* [Problem requirements] Please output the records below word for word and omit the pictures.

**** Information

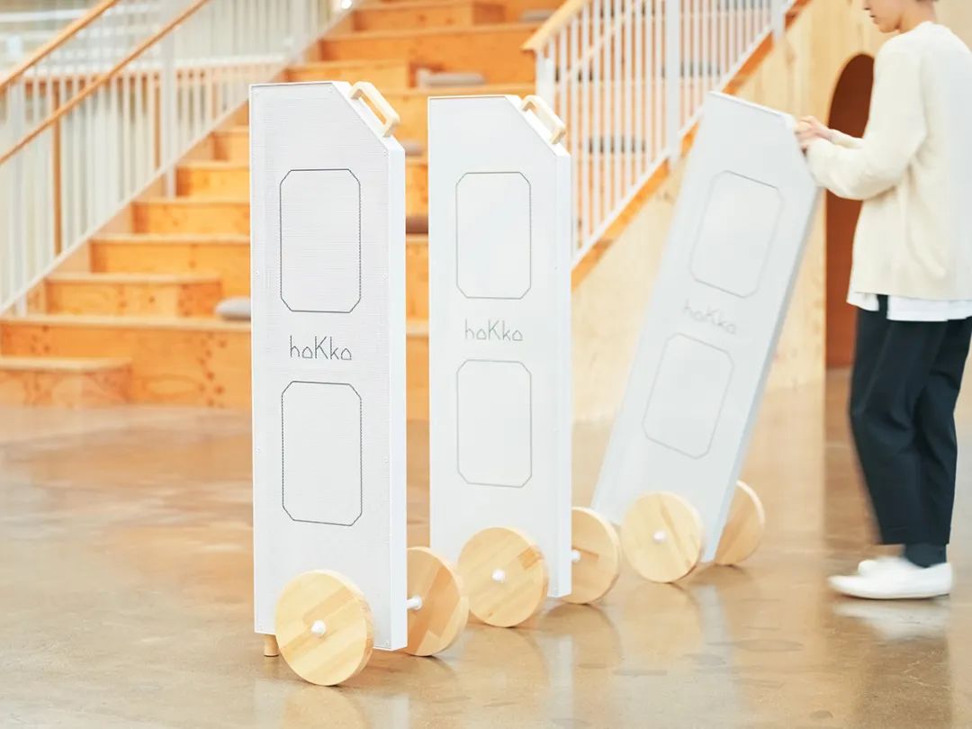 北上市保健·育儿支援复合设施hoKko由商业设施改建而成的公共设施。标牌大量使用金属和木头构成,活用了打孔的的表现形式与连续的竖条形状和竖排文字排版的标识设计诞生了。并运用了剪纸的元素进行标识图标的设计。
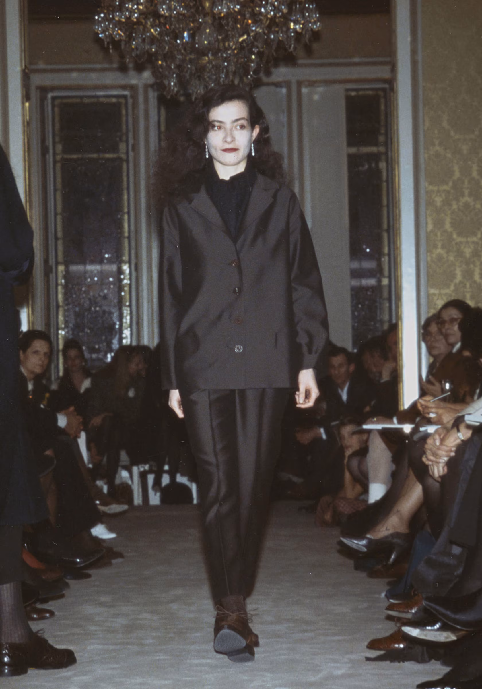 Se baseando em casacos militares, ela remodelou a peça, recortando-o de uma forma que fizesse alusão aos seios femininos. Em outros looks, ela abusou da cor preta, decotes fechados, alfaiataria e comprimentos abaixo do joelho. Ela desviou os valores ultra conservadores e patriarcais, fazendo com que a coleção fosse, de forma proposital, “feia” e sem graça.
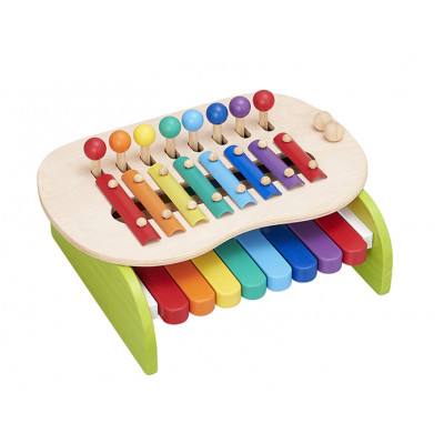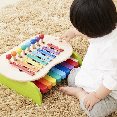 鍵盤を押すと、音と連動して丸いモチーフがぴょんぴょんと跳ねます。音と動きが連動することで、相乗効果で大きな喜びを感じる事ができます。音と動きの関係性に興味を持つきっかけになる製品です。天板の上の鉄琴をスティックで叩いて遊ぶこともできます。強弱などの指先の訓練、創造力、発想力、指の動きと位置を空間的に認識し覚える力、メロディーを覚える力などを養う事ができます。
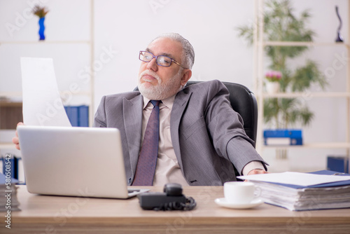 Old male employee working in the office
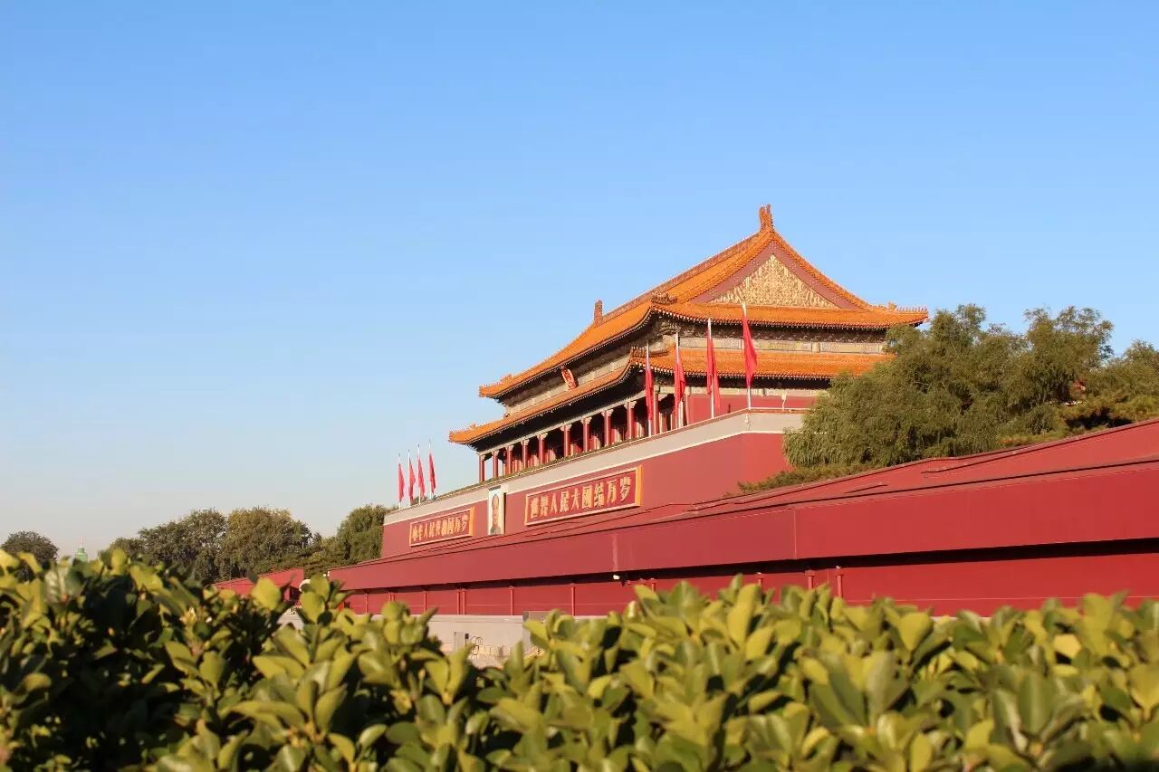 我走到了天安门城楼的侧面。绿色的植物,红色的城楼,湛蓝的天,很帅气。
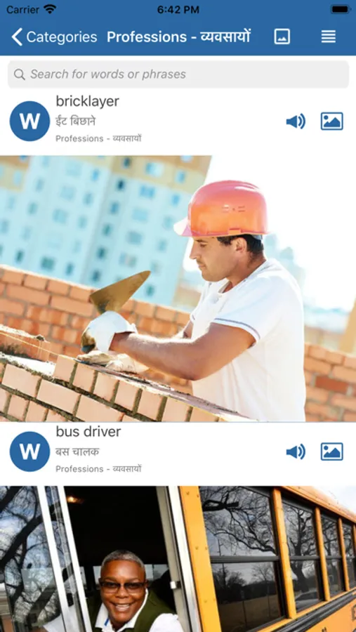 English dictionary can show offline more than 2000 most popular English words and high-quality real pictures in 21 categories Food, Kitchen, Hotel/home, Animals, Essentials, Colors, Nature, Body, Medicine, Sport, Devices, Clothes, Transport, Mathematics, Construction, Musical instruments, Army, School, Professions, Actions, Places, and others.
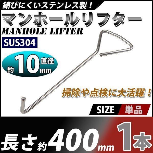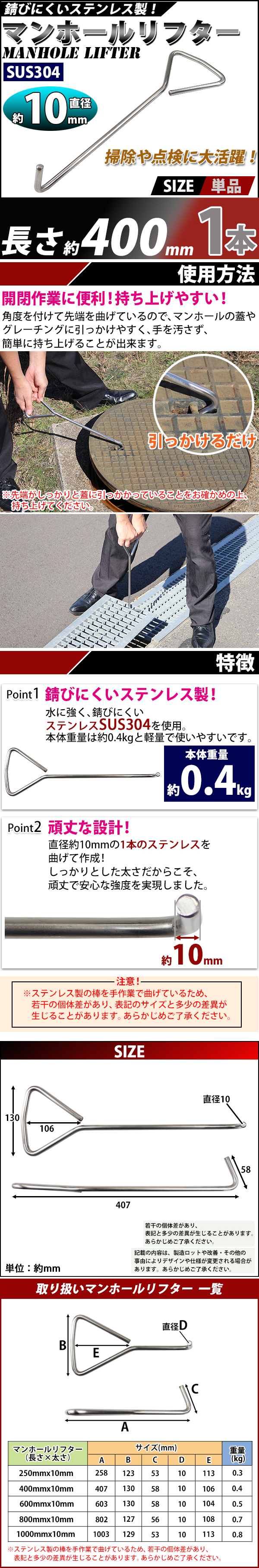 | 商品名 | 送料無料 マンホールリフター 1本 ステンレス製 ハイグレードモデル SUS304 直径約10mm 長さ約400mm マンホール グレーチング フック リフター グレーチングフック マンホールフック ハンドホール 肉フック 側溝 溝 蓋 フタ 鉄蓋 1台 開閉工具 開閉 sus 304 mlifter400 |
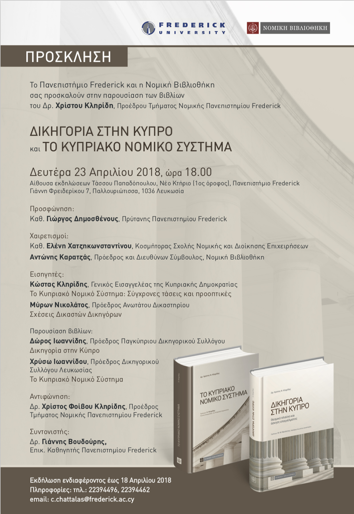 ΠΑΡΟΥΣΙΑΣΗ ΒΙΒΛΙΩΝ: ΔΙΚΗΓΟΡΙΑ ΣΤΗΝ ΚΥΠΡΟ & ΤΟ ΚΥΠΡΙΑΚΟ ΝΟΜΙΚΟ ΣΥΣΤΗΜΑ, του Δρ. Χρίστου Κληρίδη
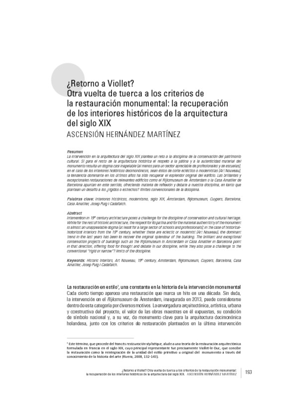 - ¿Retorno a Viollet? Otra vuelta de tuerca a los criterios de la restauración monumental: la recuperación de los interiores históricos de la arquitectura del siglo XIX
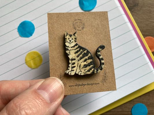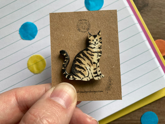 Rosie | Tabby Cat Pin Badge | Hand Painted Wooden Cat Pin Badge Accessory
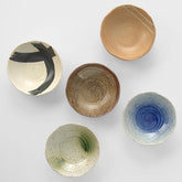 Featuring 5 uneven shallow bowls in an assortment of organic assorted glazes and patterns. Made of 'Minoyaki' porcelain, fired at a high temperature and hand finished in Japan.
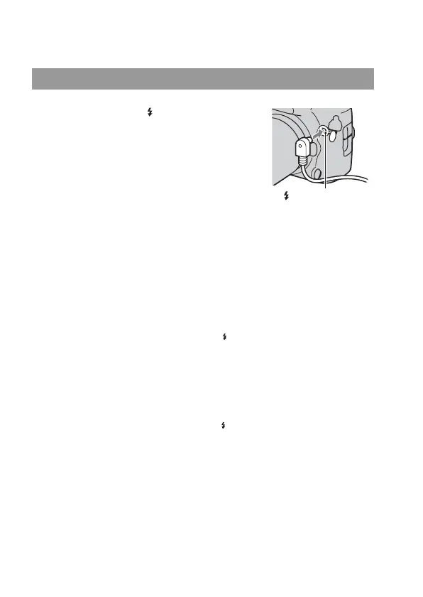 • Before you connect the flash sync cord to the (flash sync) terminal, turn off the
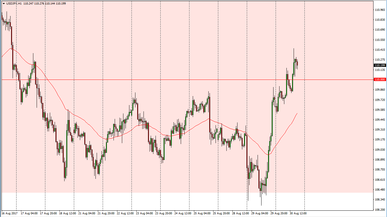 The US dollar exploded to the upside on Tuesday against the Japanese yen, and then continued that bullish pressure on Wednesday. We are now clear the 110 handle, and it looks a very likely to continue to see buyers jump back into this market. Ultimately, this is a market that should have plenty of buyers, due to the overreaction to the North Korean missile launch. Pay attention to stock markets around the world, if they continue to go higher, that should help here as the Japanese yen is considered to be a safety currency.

********

* [Written response]
 北上市保健·育儿支援复合设施hoKko由商业设施改建而成的公共设施。标牌大量使用金属和木头构成,活用了打孔的的表现形式与连续的竖条形状和竖排文字排版的标识设计诞生了。并运用了剪纸的元素进行标识图标的设计。
 Se baseando em casacos militares, ela remodelou a peça, recortando-o de uma forma que fizesse alusão aos seios femininos. Em outros looks, ela abusou da cor preta, decotes fechados, alfaiataria e comprimentos abaixo do joelho. Ela desviou os valores ultra conservadores e patriarcais, fazendo com que a coleção fosse, de forma proposital, “feia” e sem graça.
 鍵盤を押すと、音と連動して丸いモチーフがぴょんぴょんと跳ねます。音と動きが連動することで、相乗効果で大きな喜びを感じる事ができます。音と動きの関係性に興味を持つきっかけになる製品です。天板の上の鉄琴をスティックで叩いて遊ぶこともできます。強弱などの指先の訓練、創造力、発想力、指の動きと位置を空間的に認識し覚える力、メロディーを覚える力などを養う事ができます。
 Old male employee working in the office
 我走到了天安门城楼的侧面。绿色的植物,红色的城楼,湛蓝的天,很帅气。
 English dictionary can show offline more than 2000 most popular English words and high-quality real pictures in 21 categories Food, Kitchen, Hotel/home, Animals, Essentials, Colors, Nature, Body, Medicine, Sport, Devices, Clothes, Transport, Mathematics, Construction, Musical instruments, Army, School, Professions, Actions, Places, and others.
 | 商品名 | 送料無料 マンホールリフター 1本 ステンレス製 ハイグレードモデル SUS304 直径約10mm 長さ約400mm マンホール グレーチング フック リフター グレーチングフック マンホールフック ハンドホール 肉フック 側溝 溝 蓋 フタ 鉄蓋 1台 開閉工具 開閉 sus 304 mlifter400 |
 ΠΑΡΟΥΣΙΑΣΗ ΒΙΒΛΙΩΝ: ΔΙΚΗΓΟΡΙΑ ΣΤΗΝ ΚΥΠΡΟ & ΤΟ ΚΥΠΡΙΑΚΟ ΝΟΜΙΚΟ ΣΥΣΤΗΜΑ, του Δρ. Χρίστου Κληρίδη
 - ¿Retorno a Viollet? Otra vuelta de tuerca a los criterios de la restauración monumental: la recuperación de los interiores históricos de la arquitectura del siglo XIX
 Rosie | Tabby Cat Pin Badge | Hand Painted Wooden Cat Pin Badge Accessory
 Featuring 5 uneven shallow bowls in an assortment of organic assorted glazes and patterns. Made of 'Minoyaki' porcelain, fired at a high temperature and hand finished in Japan.
 • Before you connect the flash sync cord to the (flash sync) terminal, turn off the
 The US dollar exploded to the upside on Tuesday against the Japanese yen, and then continued that bullish pressure on Wednesday. We are now clear the 110 handle, and it looks a very likely to continue to see buyers jump back into this market. Ultimately, this is a market that should have plenty of buyers, due to the overreaction to the North Korean missile launch. Pay attention to stock markets around the world, if they continue to go higher, that should help here as the Japanese yen is considered to be a safety currency.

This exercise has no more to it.